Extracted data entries

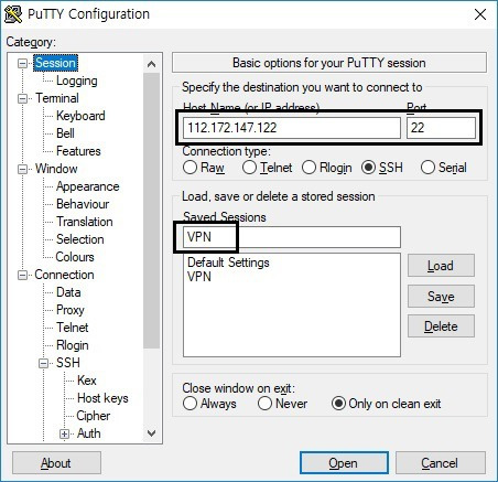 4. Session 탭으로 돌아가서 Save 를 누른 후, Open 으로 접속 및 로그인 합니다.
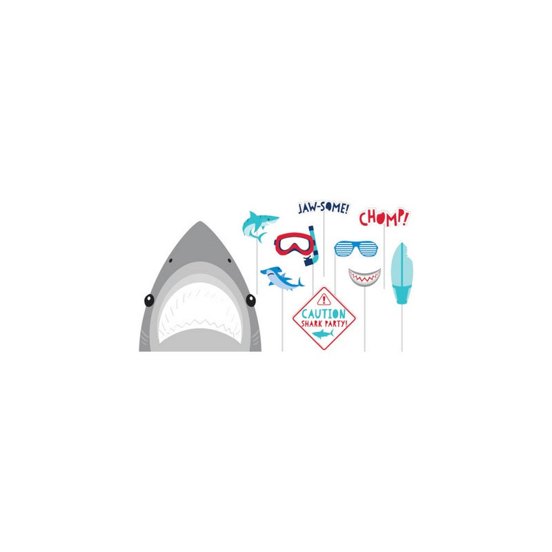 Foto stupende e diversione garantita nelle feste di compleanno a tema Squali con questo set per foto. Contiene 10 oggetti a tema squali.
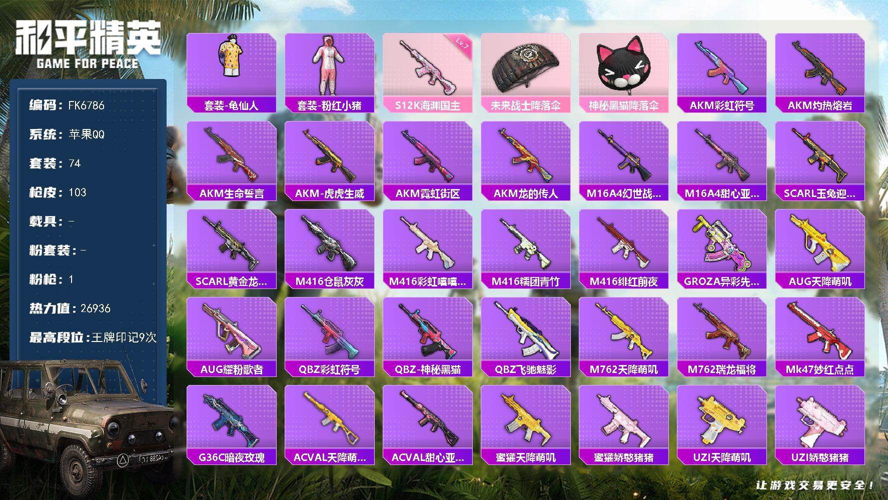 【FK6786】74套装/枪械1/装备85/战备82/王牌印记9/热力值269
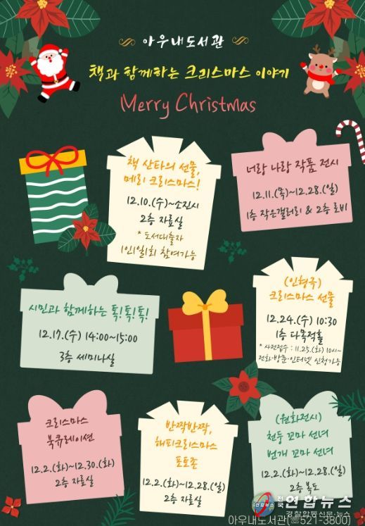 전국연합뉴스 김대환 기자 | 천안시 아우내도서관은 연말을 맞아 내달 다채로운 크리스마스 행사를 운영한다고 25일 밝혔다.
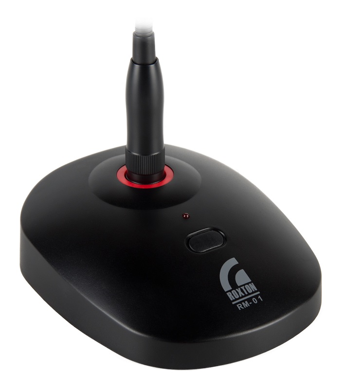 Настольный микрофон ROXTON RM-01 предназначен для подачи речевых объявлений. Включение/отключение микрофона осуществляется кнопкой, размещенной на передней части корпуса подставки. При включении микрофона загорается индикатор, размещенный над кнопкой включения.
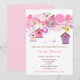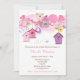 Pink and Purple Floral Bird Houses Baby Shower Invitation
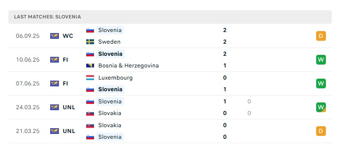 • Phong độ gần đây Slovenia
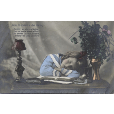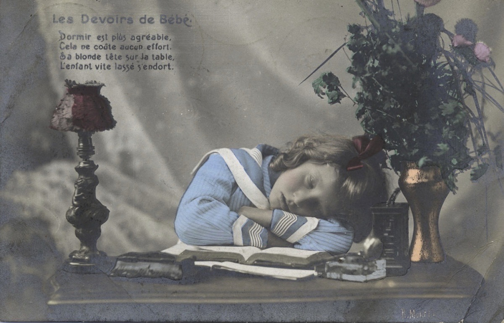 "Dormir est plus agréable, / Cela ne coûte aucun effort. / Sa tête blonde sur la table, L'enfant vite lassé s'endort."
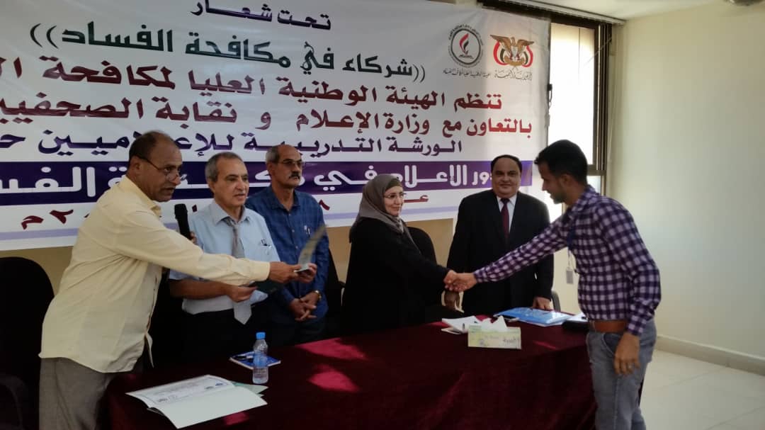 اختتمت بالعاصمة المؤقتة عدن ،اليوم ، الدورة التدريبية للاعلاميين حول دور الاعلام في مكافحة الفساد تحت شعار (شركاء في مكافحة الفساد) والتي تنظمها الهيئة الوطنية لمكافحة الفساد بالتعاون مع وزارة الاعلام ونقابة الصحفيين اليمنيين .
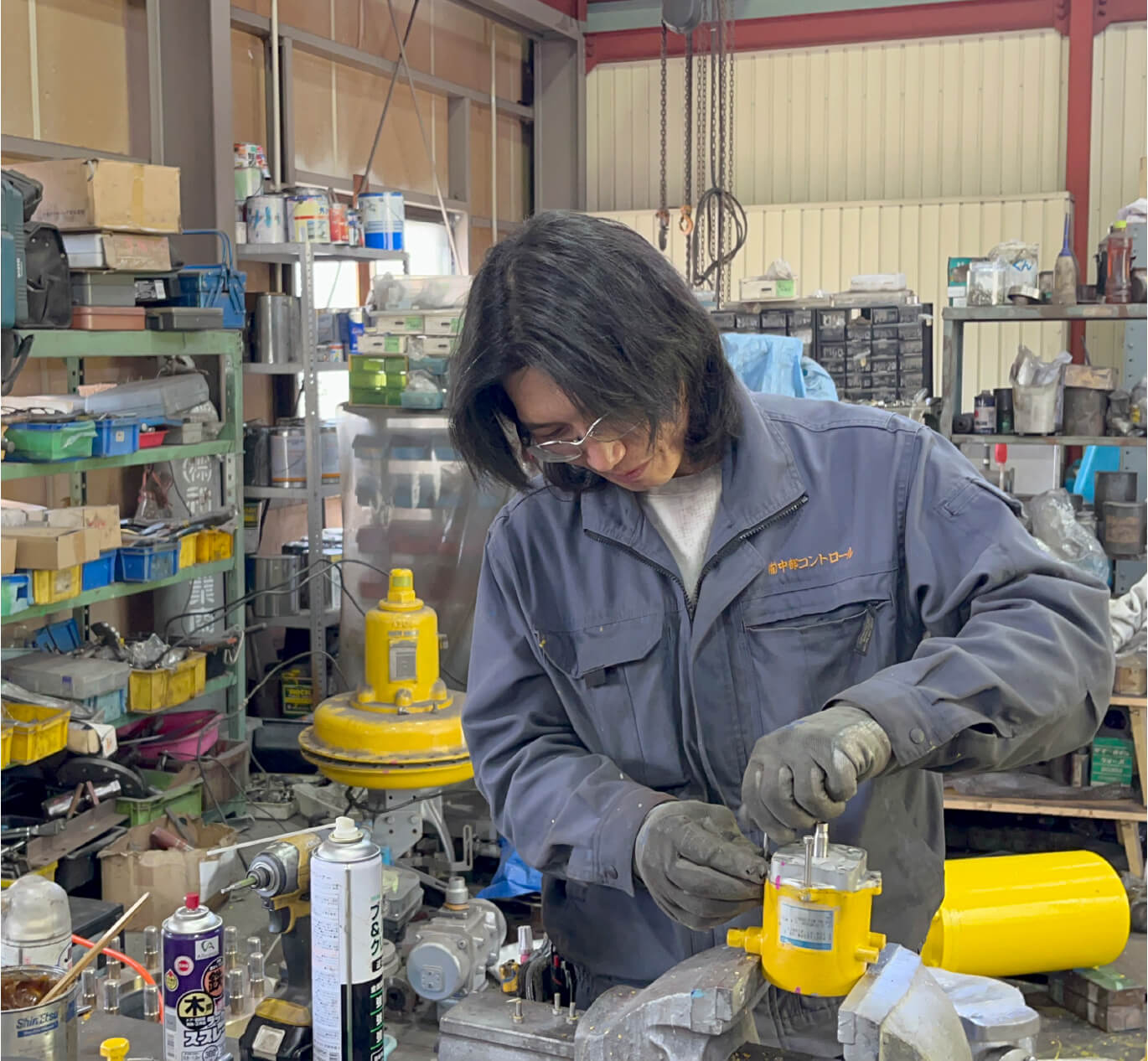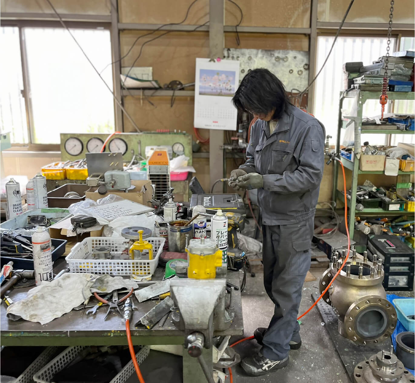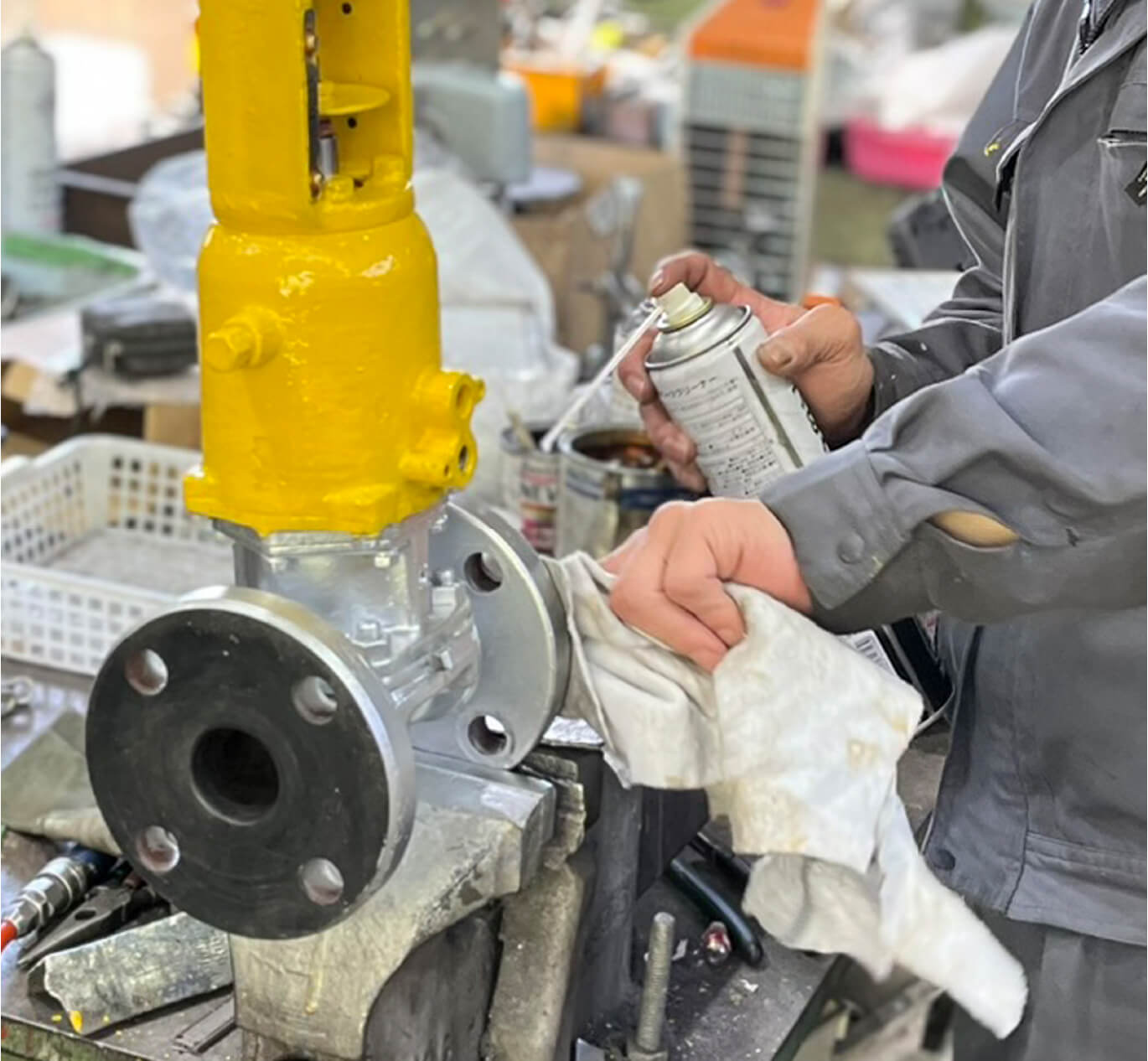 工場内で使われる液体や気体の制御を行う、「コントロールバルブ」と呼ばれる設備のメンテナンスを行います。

• Try it
Start with the line above containing "Foto stupende e" and end with the line containing "전국연합뉴스 김대환 기자". Set down that stretch exactly, without any pictures.

• Output for this task
 Foto stupende e diversione garantita nelle feste di compleanno a tema Squali con questo set per foto. Contiene 10 oggetti a tema squali.
 【FK6786】74套装/枪械1/装备85/战备82/王牌印记9/热力值269
 전국연합뉴스 김대환 기자 | 천안시 아우내도서관은 연말을 맞아 내달 다채로운 크리스마스 행사를 운영한다고 25일 밝혔다.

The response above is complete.